The twins, now a grown man and woman, were adopted by separate families.  They met, fell in love, married, and did not discover their relationship until they were trying to have a baby.  Now, they and their son live across the street from the student house where Rowena lived and where Laura lived before her.  They have also discovered that at least Charlotte, the female twin, inherited the FFI gene.  She’s slowly going mad (it’s unclear whether the man, John, inherited it as well, but he certainly helps his wife carry out her revenge) and the couple is exacting revenge for her condition on the people they believe should have stopped it, including not only Lygeia but also Laura and Ellen.  Rowena is basically collateral damage.  It’s a pretty convoluted plot, but it’s still very, very creepy.

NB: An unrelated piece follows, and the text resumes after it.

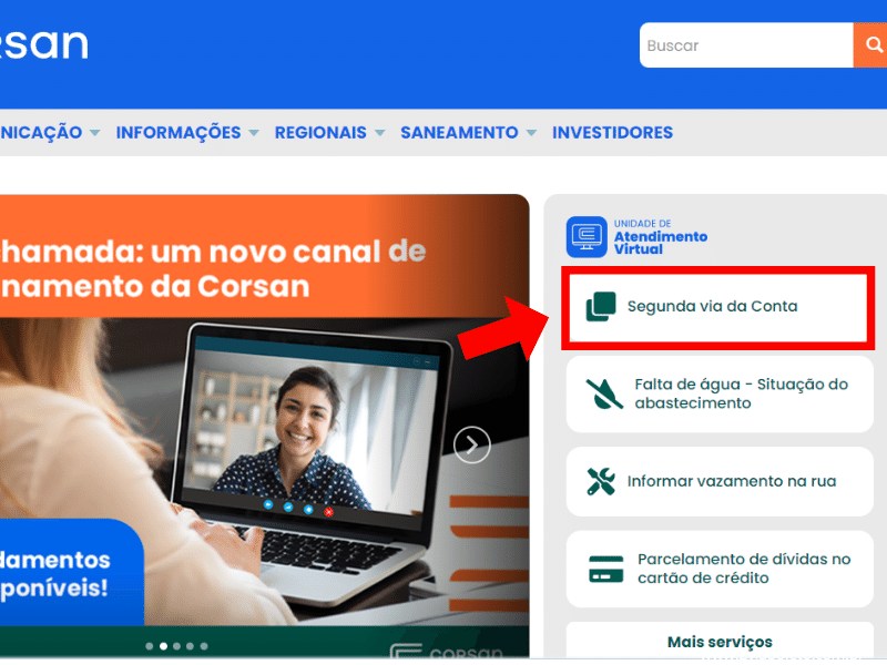 - Entrar no site, clicar na opção de “Segunda Via da Conta”

Totals: Three victims; one faculty, one undergrad, one unaffiliated.  Two murderers, unaffiliated.  Several students and alumni are persons of interest. 
Lesson:  Tell the truth.  Lying will come back to haunt you (literally, in this case).  Also, you really can’t escape your college days, no matter how hard you try.

2 comments:

  1. Best summary and explanation of this complex plot that I have found, Thankyou!

    ReplyDelete
  2. Does one "stalk" up on chocolate or "stock" up, I wonder?